* What is needed: Retype nothing but the lines from the start of the material up to and including the line with "Bildunterschrift: Gemeinsam freuen". Pictures don't belong in the copy.
##### Data to use
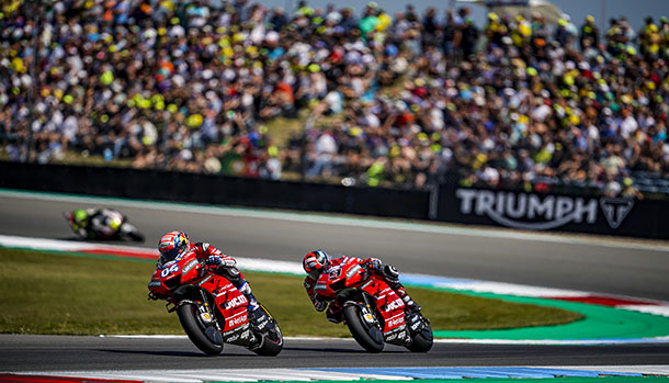 Il Gran Premio di Olanda, ottavo round del Campionato Mondiale #MotoGP 2019 in scena sullo storico TT Circuit di #assen, si è concluso con #andreadovizioso e #danilopetrucci rispettivamente in quarta e sesta posizione. Entrambi i piloti del Ducati Team, partiti dalla terza e dalla quarta fila, hanno trovato un buono spunto in partenza e sono riusciti ad inserirsi nel gruppo di testa dopo soli quattro giri, con Dovizioso in quarta posizione davanti al compagno di squadra.
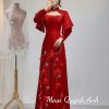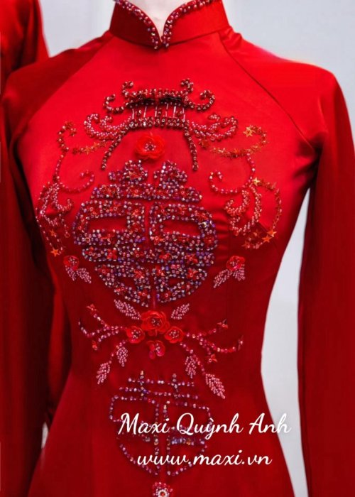 Áo cô dâu được thiết kế trên nền lụa đỏ cao cấp, ôm dáng thanh thoát, điểm xuyết chi tiết thêu tay hoặc đính hoa nhẹ nhàng, tôn lên vẻ yêu kiều, duyên dáng. Tà áo dài mềm mại theo từng bước chân, như chính sự e ấp và ngọt ngào của nàng dâu mới trong ngày trọng đại.
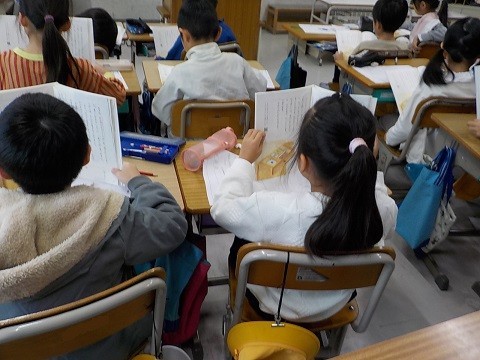 「みきのたからもの」の学習です。場面の様子を教科書から読み取っていました。
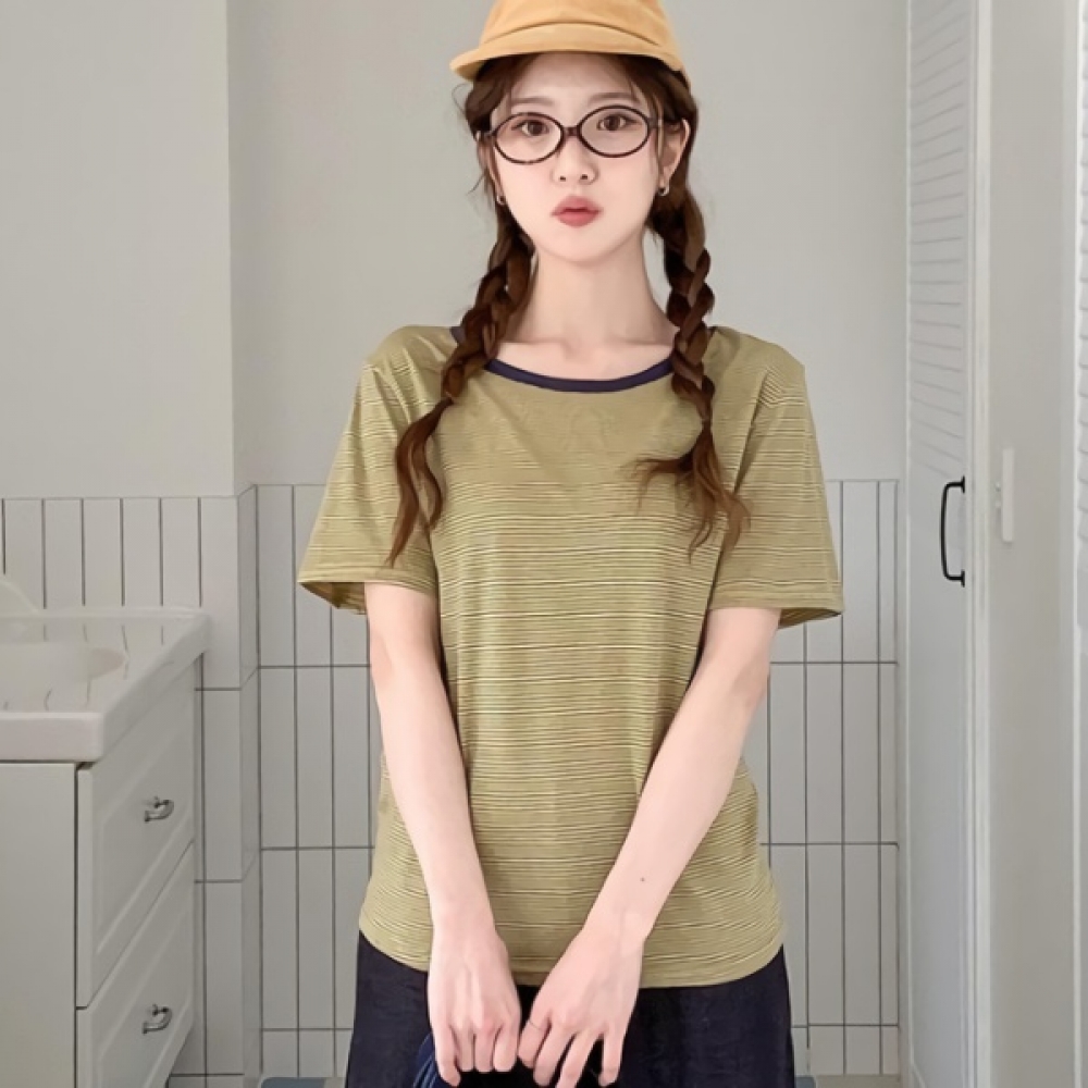여성 여름 유넥 루즈핏 코튼 반팔 티셔츠
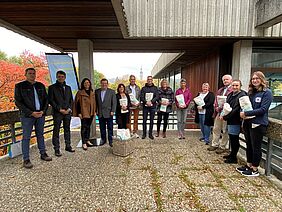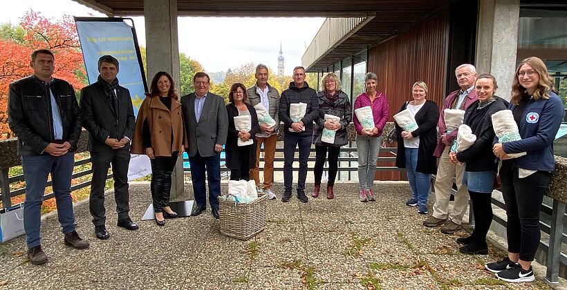 Bildunterschrift: Gemeinsam freuen sie sich, dass die Schwimmförderungen des Landkreises und des Freistaates so gut angenommen werden (v.l.n.r.): Kreisentwicklungs-Stabsstellenleiter Dr. Jörg Geier, Mellrichstadts Bürgermeister Michael Kraus, Annette Müller-Mann (Stabsstelle Kreisentwicklung), stellv. Landrat Josef Demar, Andrea und Kurt Kregler, Volker Schmitt (Ostheim), Kerstin Cabut (Wasserwacht MET), Susanne Hölderle (Triamare Bad Neustadt), Stephanie Denner (Vfl NES), Gert Müller (Vfl Sportfreunde Bad Neustadt) , Ramona Weidinger und Clara Jäger (Wasserwacht KÖN) (Foto: Simone Stock).
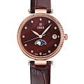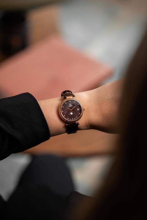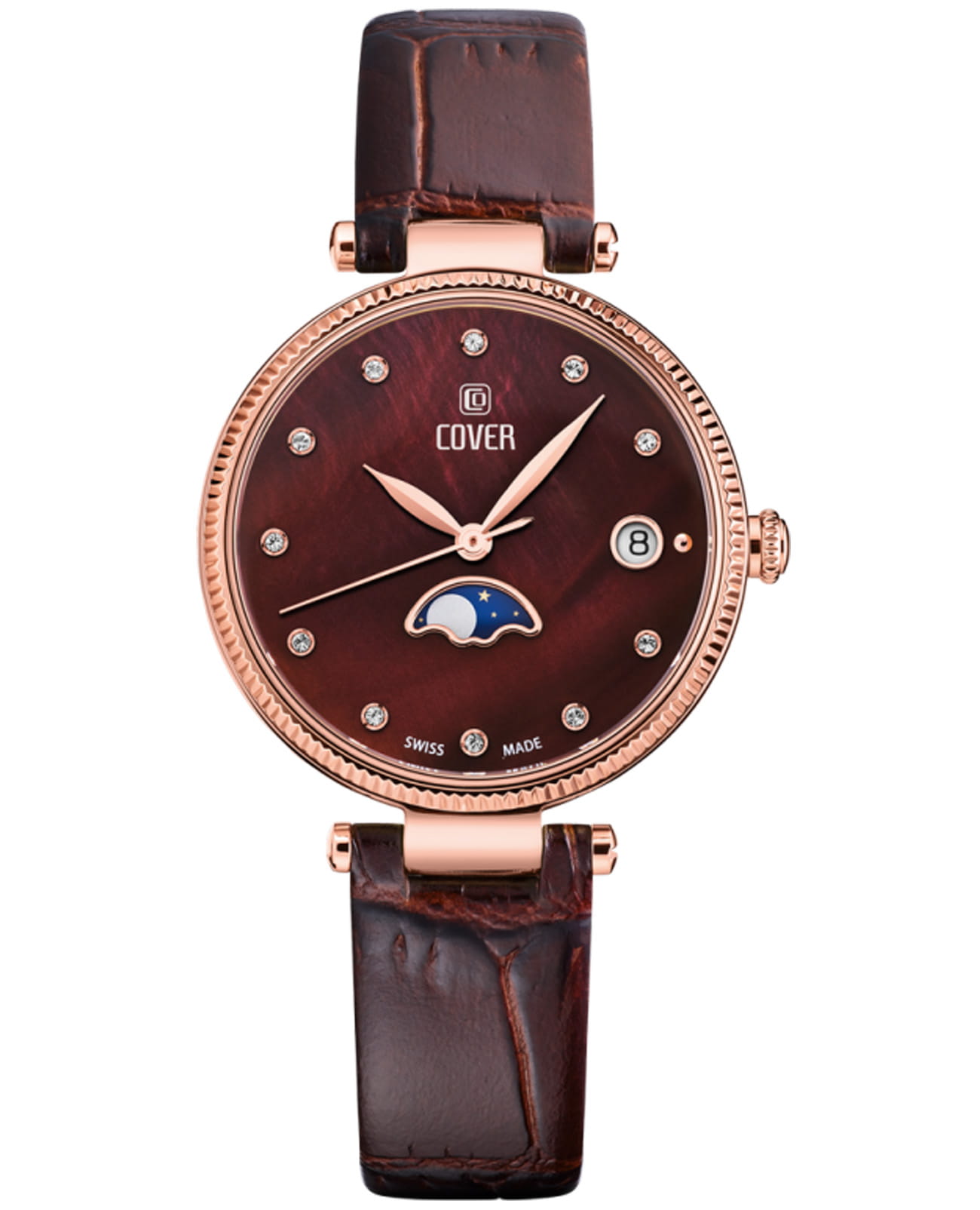 Женские часы Cover Moon CO196.07 - это аксессуар для истинных леди из коллекции Fly Me To The Moon. Часы работают на кварцевом калибре ETA. Циферблат выполнен в коричневом перламутровом исполнении, создавая игру света при каждом движении запястья, и украшен 11 кристаллами Swarovski, которые служат часовым индикатором, добавляя блики света и роскоши. Кроме того, модель имеет окно фаз Луны на «6 часах» и апертуру даты на «3 часах», что делает ее функциональной для ценителей астрономических усложнений. Часы имеют 32-миллиметровый корпус из нержавеющей стали с PVD-покрытиемPVDУльтратонкое покрытие наносится в технике вакуумного напыления, сочетает в себе нитрид титана особой прочности со слоем золота или оксида хрома. Несёт в себе декоративную или защитную функцию. цвета розового золота. Водонепроницаемость часов достигает 5 атмосфер (WR 50), что позволяет использовать их в повседневной жизни, однако не рекомендуется для контакта с водой во время плавания или дайвинга. Маркировка «Swiss Made». Кожаный ремешок на классической застежке.
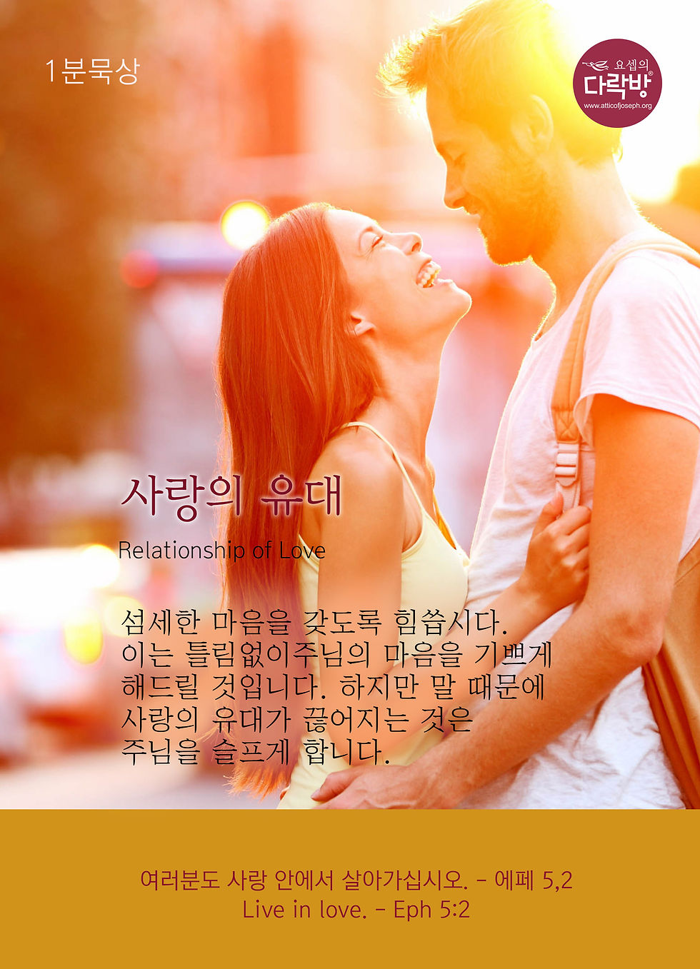 [1분묵상] 사랑의 유대권요셉Mar 9, 20171 min read 사랑의 유대 (Relationship of Love) 섬세한 마음을 갖도록 힘씁시다. 이는 틀림없이 주님의 마음을 기쁘게 해드릴 것입니 다. 하지만 말 때문에 사랑의 유대가 끊어지는 것은 주님을 슬프게 합니다. [말씀] 여러분도 사랑 안에서 살아가십시오. - 에페 5,2[DW] Live in love. - Eph 5:2
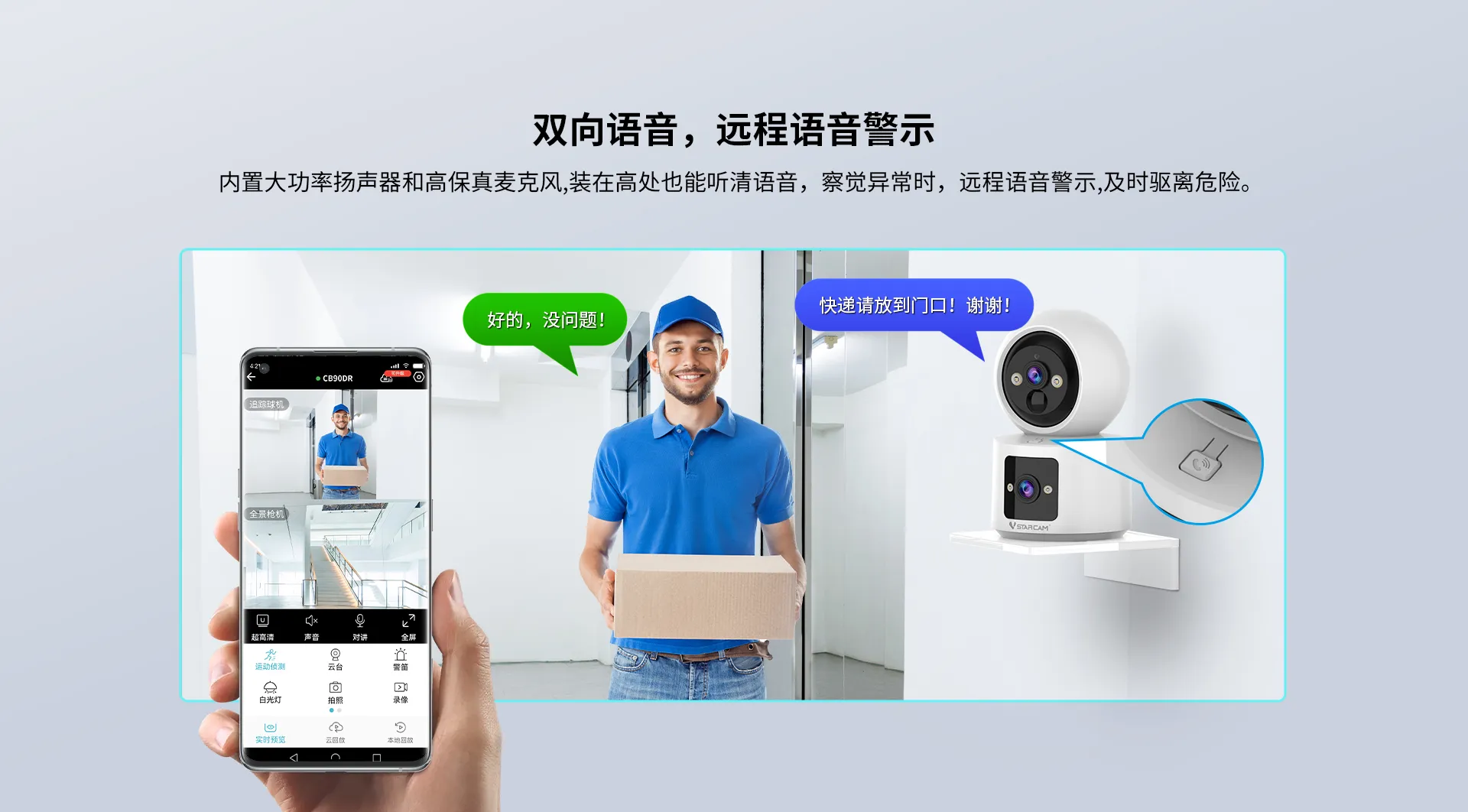 | ✮远程主动唤醒,双向语音对讲 | ||
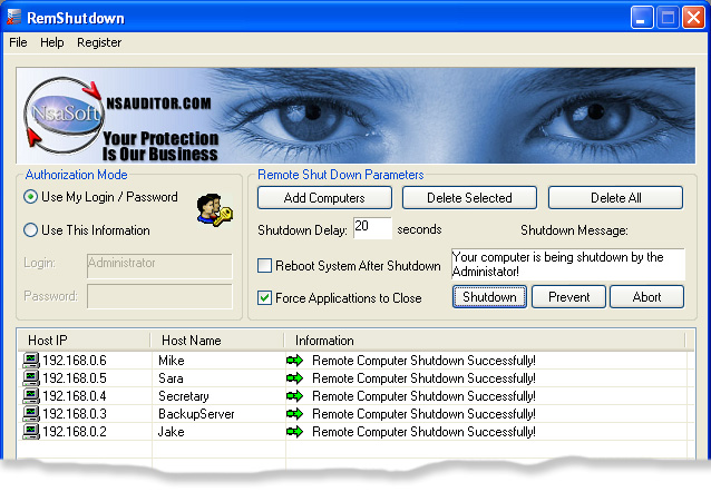 RemShutdown umožňuje vypnout nebo restartovat vzdálené počítače v síti. Možnost zadat zpoždění a dobu, běhém které se zobrazí na vzdáleném počítači čas za jak dlouho bude proveden restart nebo vypnutí pc. Pokud se rozhodnete, že chcete pokračovat v práci na pc, můžete nastavený restart či vypnutí zrušit!
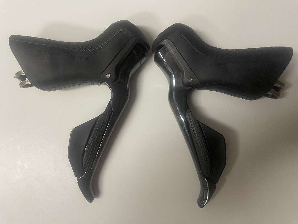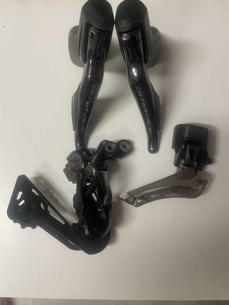 - Verkaufe gebrauchte Shimano Dura Ace DI2 Schaltgruppe (Serie R9150) bestehend aus Schaltwerk, Umwerfer und STI. Das Schaltwerk hat an der "hinteren Ecke" wo die Befestigungsschraube ist, leichte Kratzer (siehe Foto) was die Funktion aber nicht beeinträchtigt. Sonst ist es in einem guten Zustand. Der Umwerfer hat die normalen Gebrauchsspuren. Die STI's sind für Felgenbremse, haben bis zum Ausbau ohne Probleme funktioniert. Es sind leichte Gebrauchsspuren an den Carbonhebeln (siehe Fotos) vorhanden. Die Teile sind Sturz und Umfallfrei, weitere Bilder auf Anfrage
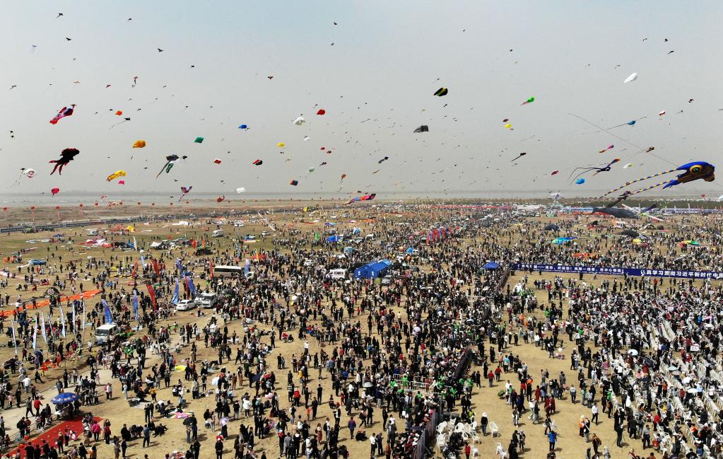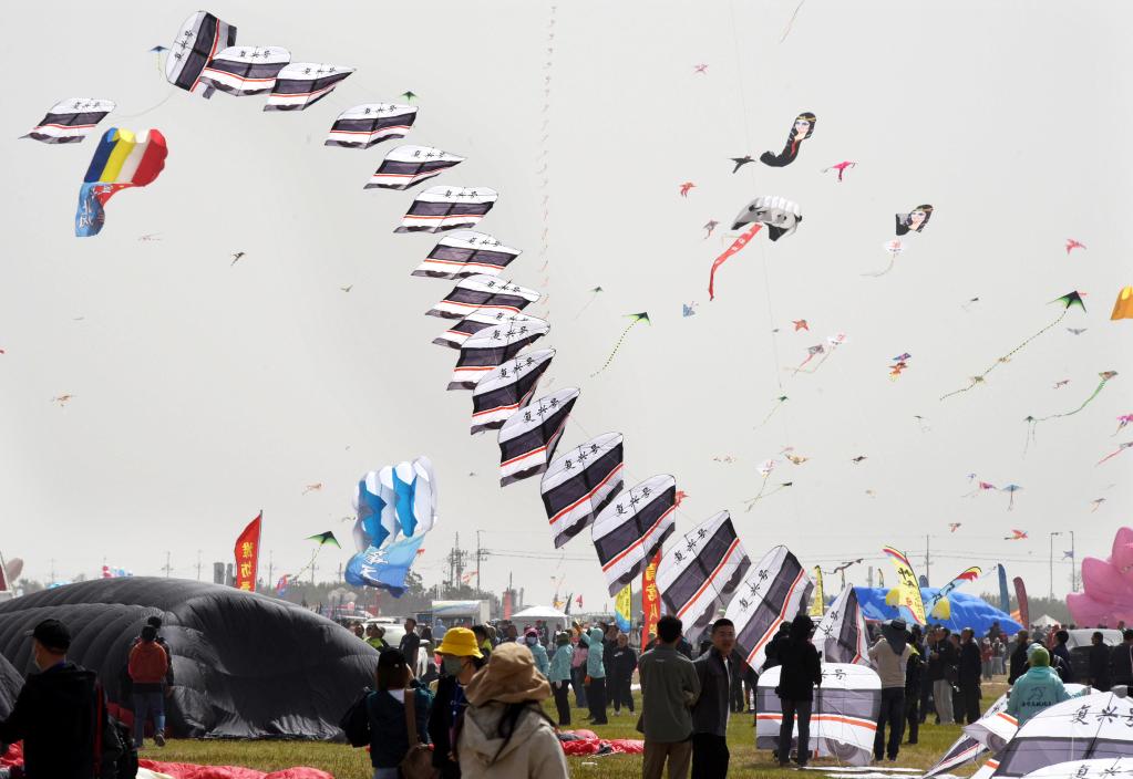 4月的山東濰坊濱海,東風勁吹,天空中飛滿姿態萬千的風箏,或孤蝶獨舞,或鶯燕雙飛,時而扶搖直上,時而騰挪翻飛,把天空點染成一幅“風箏鬧春圖”。
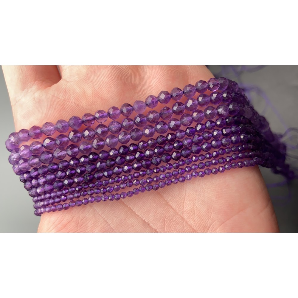Теги: Каменные бусины, Аметист, шарик огранка, 4 мм, длина нити 39 см, 13358, Бусины в огранке 2-4 мм
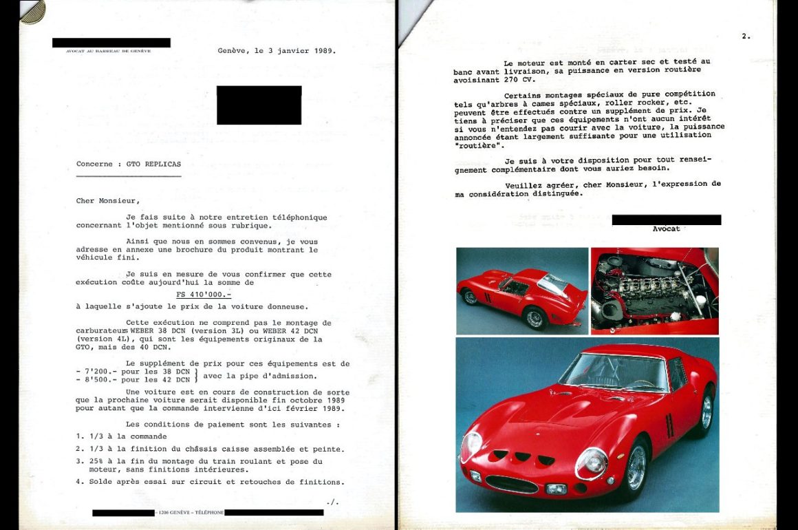 Son projet de commercialiser une vraie-/fausse/GTO mettait donc, pour Ferrari, la commercialisation du mythe GTO (via la 288 GTO) en péril !
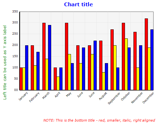Winnovative control offers the possibility to set 4 titles of the chart (top, bottom, left and right). For each title, you can specify the text, font, color and alignment.
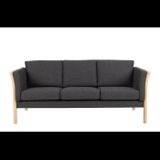 På billedet ses 3 pers. Dorte sofa, med gråt uldbetræk Misha 432-04 og med ubehandlet bøgetræs stel.
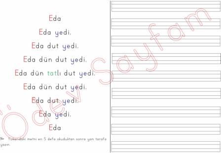 Eda okuma ve yazma metni dik temel harfler 3. grup sesler 1. sınıf okuma yazma öğreniyorum
##########
* Solution:
 Il Gran Premio di Olanda, ottavo round del Campionato Mondiale #MotoGP 2019 in scena sullo storico TT Circuit di #assen, si è concluso con #andreadovizioso e #danilopetrucci rispettivamente in quarta e sesta posizione. Entrambi i piloti del Ducati Team, partiti dalla terza e dalla quarta fila, hanno trovato un buono spunto in partenza e sono riusciti ad inserirsi nel gruppo di testa dopo soli quattro giri, con Dovizioso in quarta posizione davanti al compagno di squadra.
 Áo cô dâu được thiết kế trên nền lụa đỏ cao cấp, ôm dáng thanh thoát, điểm xuyết chi tiết thêu tay hoặc đính hoa nhẹ nhàng, tôn lên vẻ yêu kiều, duyên dáng. Tà áo dài mềm mại theo từng bước chân, như chính sự e ấp và ngọt ngào của nàng dâu mới trong ngày trọng đại.
 「みきのたからもの」の学習です。場面の様子を教科書から読み取っていました。
여성 여름 유넥 루즈핏 코튼 반팔 티셔츠
 Bildunterschrift: Gemeinsam freuen sie sich, dass die Schwimmförderungen des Landkreises und des Freistaates so gut angenommen werden (v.l.n.r.): Kreisentwicklungs-Stabsstellenleiter Dr. Jörg Geier, Mellrichstadts Bürgermeister Michael Kraus, Annette Müller-Mann (Stabsstelle Kreisentwicklung), stellv. Landrat Josef Demar, Andrea und Kurt Kregler, Volker Schmitt (Ostheim), Kerstin Cabut (Wasserwacht MET), Susanne Hölderle (Triamare Bad Neustadt), Stephanie Denner (Vfl NES), Gert Müller (Vfl Sportfreunde Bad Neustadt) , Ramona Weidinger und Clara Jäger (Wasserwacht KÖN) (Foto: Simone Stock).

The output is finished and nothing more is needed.